> Work to complete: Output the full listing below exactly as it reads, and skip anything that is a picture.
---- Material supplied
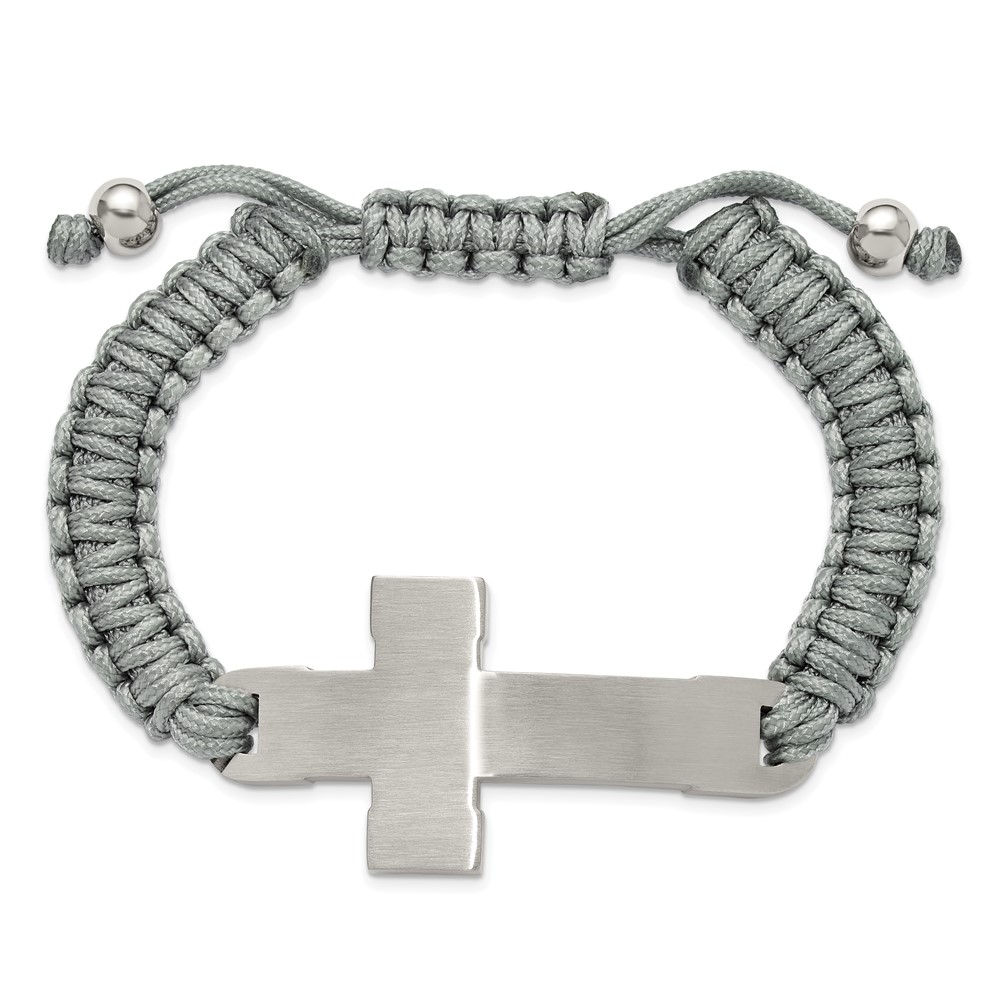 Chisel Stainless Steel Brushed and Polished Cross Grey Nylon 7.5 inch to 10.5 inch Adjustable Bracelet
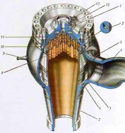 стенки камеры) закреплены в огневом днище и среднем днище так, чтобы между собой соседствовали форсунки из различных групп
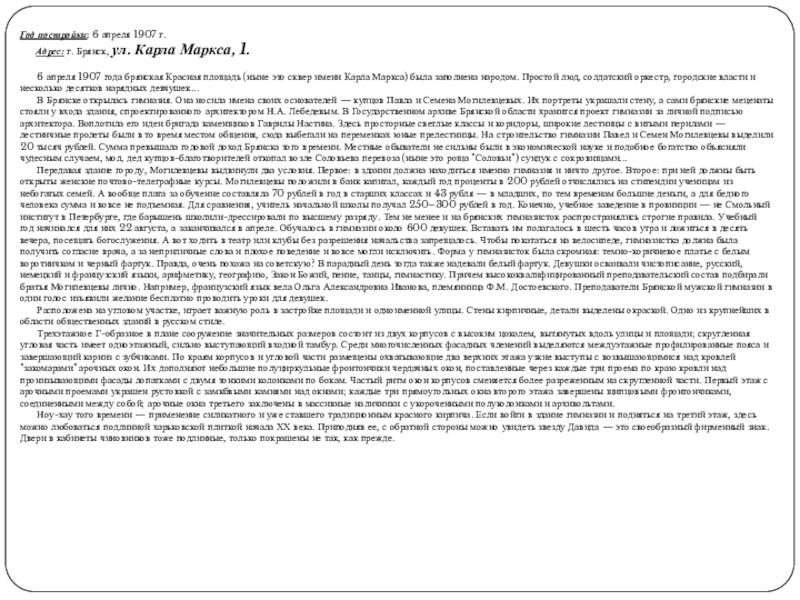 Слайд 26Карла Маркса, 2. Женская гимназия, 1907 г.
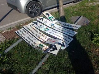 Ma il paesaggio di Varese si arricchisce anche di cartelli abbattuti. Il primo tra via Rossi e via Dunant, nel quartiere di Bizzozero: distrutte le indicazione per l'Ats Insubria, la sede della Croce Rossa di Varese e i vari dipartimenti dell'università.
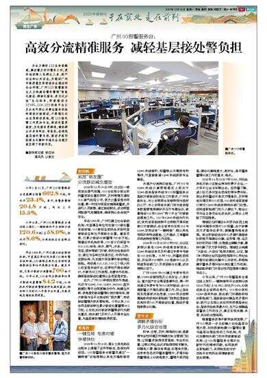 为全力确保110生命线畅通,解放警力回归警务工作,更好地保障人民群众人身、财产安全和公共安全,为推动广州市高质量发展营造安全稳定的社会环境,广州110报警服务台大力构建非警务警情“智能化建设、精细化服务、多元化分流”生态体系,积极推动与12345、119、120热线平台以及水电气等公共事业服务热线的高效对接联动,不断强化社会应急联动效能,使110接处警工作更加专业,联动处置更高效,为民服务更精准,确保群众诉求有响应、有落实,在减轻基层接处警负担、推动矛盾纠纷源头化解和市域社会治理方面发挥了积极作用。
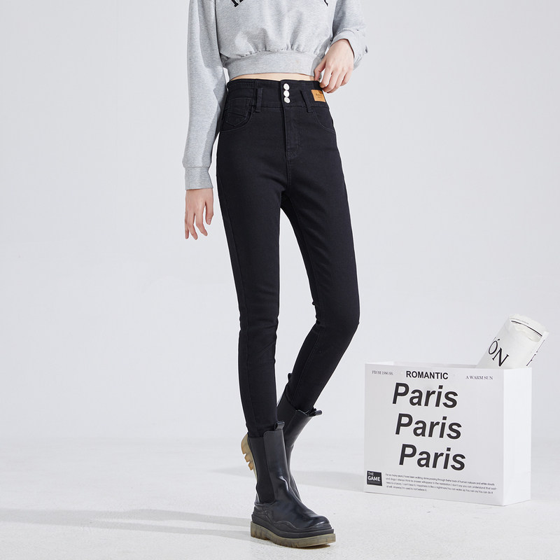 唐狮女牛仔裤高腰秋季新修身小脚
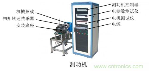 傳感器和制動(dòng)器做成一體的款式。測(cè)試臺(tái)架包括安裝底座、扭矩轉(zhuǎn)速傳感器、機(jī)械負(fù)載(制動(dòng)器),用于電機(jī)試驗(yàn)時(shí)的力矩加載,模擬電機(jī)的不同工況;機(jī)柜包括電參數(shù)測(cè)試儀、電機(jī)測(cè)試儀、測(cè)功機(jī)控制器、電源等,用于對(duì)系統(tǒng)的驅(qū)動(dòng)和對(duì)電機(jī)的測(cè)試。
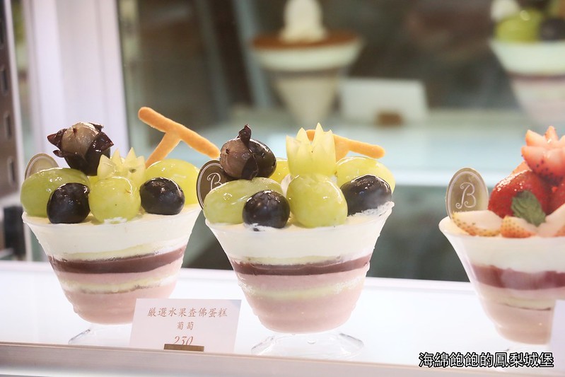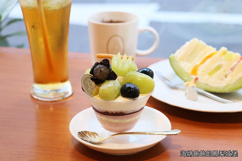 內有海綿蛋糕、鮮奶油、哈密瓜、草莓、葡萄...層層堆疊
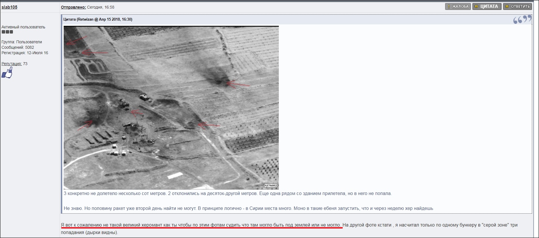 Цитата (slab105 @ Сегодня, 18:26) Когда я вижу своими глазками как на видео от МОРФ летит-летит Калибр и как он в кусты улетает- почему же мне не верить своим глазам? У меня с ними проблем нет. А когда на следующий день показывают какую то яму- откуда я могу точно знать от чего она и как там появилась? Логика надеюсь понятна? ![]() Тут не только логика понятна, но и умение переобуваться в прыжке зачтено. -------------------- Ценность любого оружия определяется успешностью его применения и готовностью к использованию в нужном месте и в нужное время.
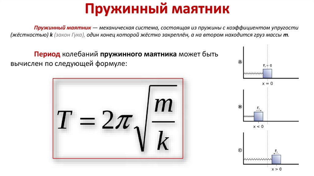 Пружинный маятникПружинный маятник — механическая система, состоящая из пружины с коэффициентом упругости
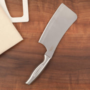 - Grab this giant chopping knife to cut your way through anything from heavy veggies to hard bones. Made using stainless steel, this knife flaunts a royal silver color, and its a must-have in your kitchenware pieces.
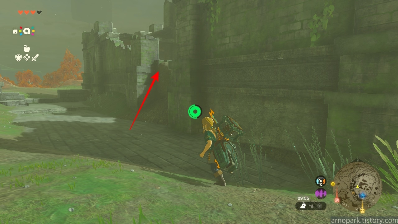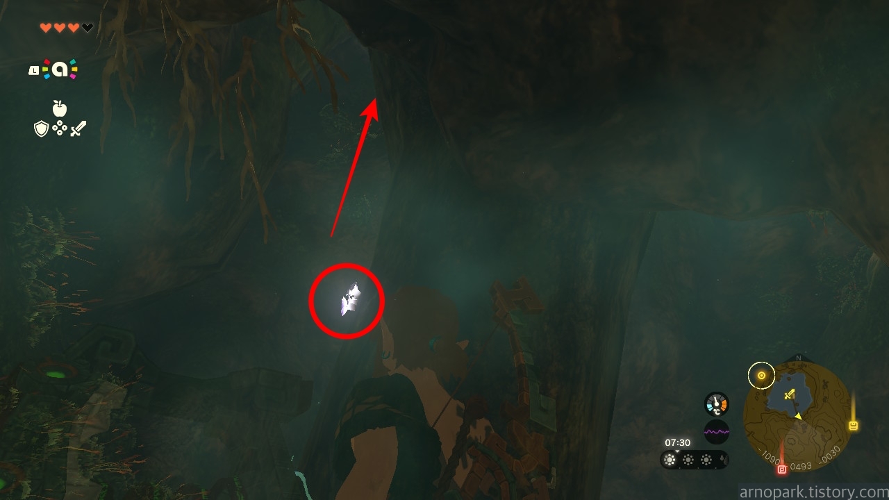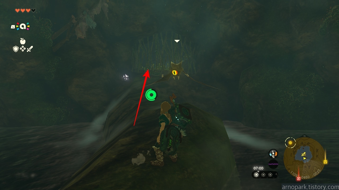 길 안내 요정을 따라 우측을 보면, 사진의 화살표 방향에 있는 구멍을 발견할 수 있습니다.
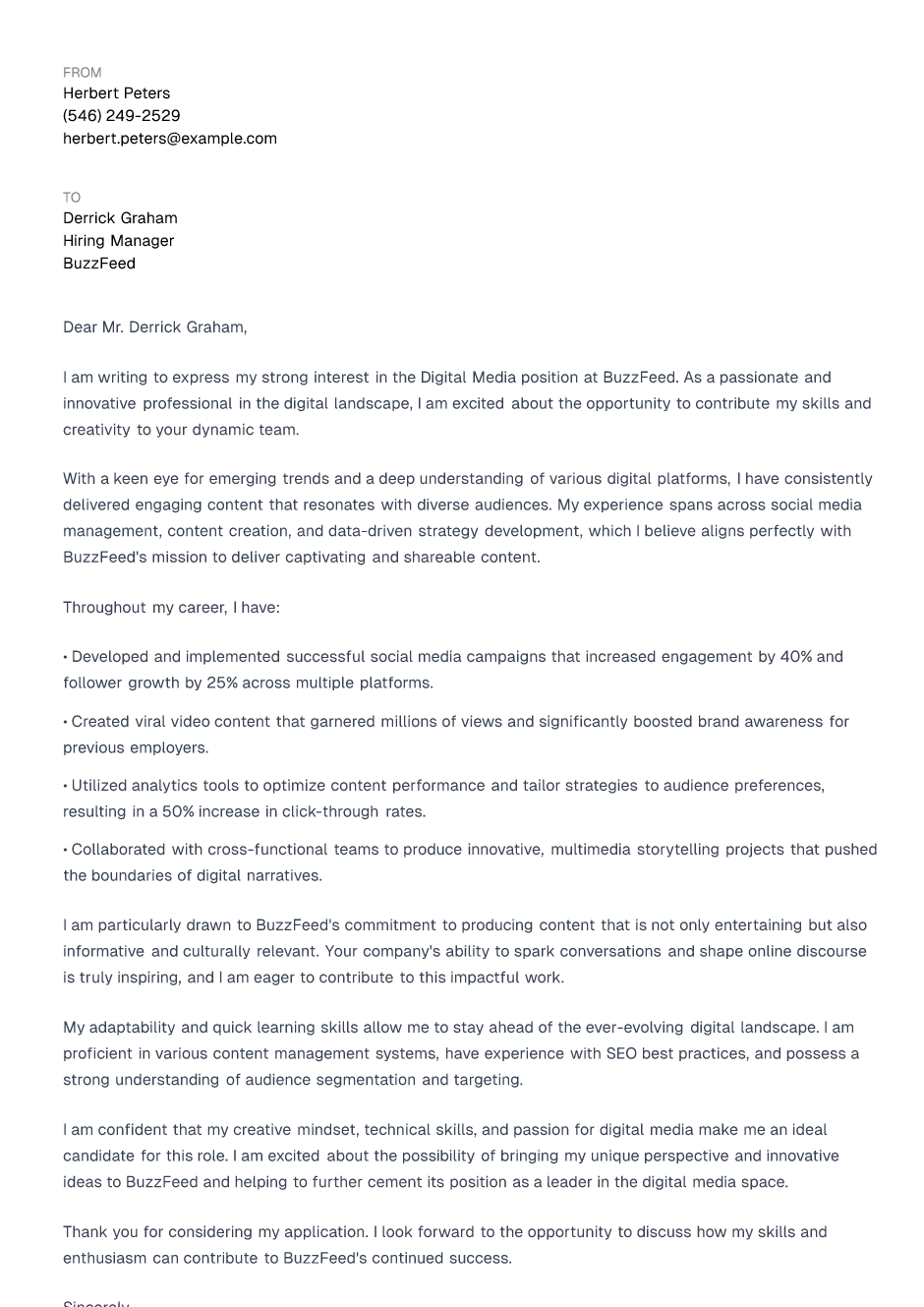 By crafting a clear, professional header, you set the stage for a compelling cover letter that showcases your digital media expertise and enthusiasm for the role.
--------
> Output:
 Chisel Stainless Steel Brushed and Polished Cross Grey Nylon 7.5 inch to 10.5 inch Adjustable Bracelet
 стенки камеры) закреплены в огневом днище и среднем днище так, чтобы между собой соседствовали форсунки из различных групп
 Слайд 26Карла Маркса, 2. Женская гимназия, 1907 г.
 Ma il paesaggio di Varese si arricchisce anche di cartelli abbattuti. Il primo tra via Rossi e via Dunant, nel quartiere di Bizzozero: distrutte le indicazione per l'Ats Insubria, la sede della Croce Rossa di Varese e i vari dipartimenti dell'università.
 为全力确保110生命线畅通,解放警力回归警务工作,更好地保障人民群众人身、财产安全和公共安全,为推动广州市高质量发展营造安全稳定的社会环境,广州110报警服务台大力构建非警务警情“智能化建设、精细化服务、多元化分流”生态体系,积极推动与12345、119、120热线平台以及水电气等公共事业服务热线的高效对接联动,不断强化社会应急联动效能,使110接处警工作更加专业,联动处置更高效,为民服务更精准,确保群众诉求有响应、有落实,在减轻基层接处警负担、推动矛盾纠纷源头化解和市域社会治理方面发挥了积极作用。
 唐狮女牛仔裤高腰秋季新修身小脚
 傳感器和制動(dòng)器做成一體的款式。測(cè)試臺(tái)架包括安裝底座、扭矩轉(zhuǎn)速傳感器、機(jī)械負(fù)載(制動(dòng)器),用于電機(jī)試驗(yàn)時(shí)的力矩加載,模擬電機(jī)的不同工況;機(jī)柜包括電參數(shù)測(cè)試儀、電機(jī)測(cè)試儀、測(cè)功機(jī)控制器、電源等,用于對(duì)系統(tǒng)的驅(qū)動(dòng)和對(duì)電機(jī)的測(cè)試。
 內有海綿蛋糕、鮮奶油、哈密瓜、草莓、葡萄...層層堆疊
 Цитата (slab105 @ Сегодня, 18:26) Когда я вижу своими глазками как на видео от МОРФ летит-летит Калибр и как он в кусты улетает- почему же мне не верить своим глазам? У меня с ними проблем нет. А когда на следующий день показывают какую то яму- откуда я могу точно знать от чего она и как там появилась? Логика надеюсь понятна? ![]() Тут не только логика понятна, но и умение переобуваться в прыжке зачтено. -------------------- Ценность любого оружия определяется успешностью его применения и готовностью к использованию в нужном месте и в нужное время.
 Пружинный маятникПружинный маятник — механическая система, состоящая из пружины с коэффициентом упругости
 - Grab this giant chopping knife to cut your way through anything from heavy veggies to hard bones. Made using stainless steel, this knife flaunts a royal silver color, and its a must-have in your kitchenware pieces.
 길 안내 요정을 따라 우측을 보면, 사진의 화살표 방향에 있는 구멍을 발견할 수 있습니다.
 By crafting a clear, professional header, you set the stage for a compelling cover letter that showcases your digital media expertise and enthusiasm for the role.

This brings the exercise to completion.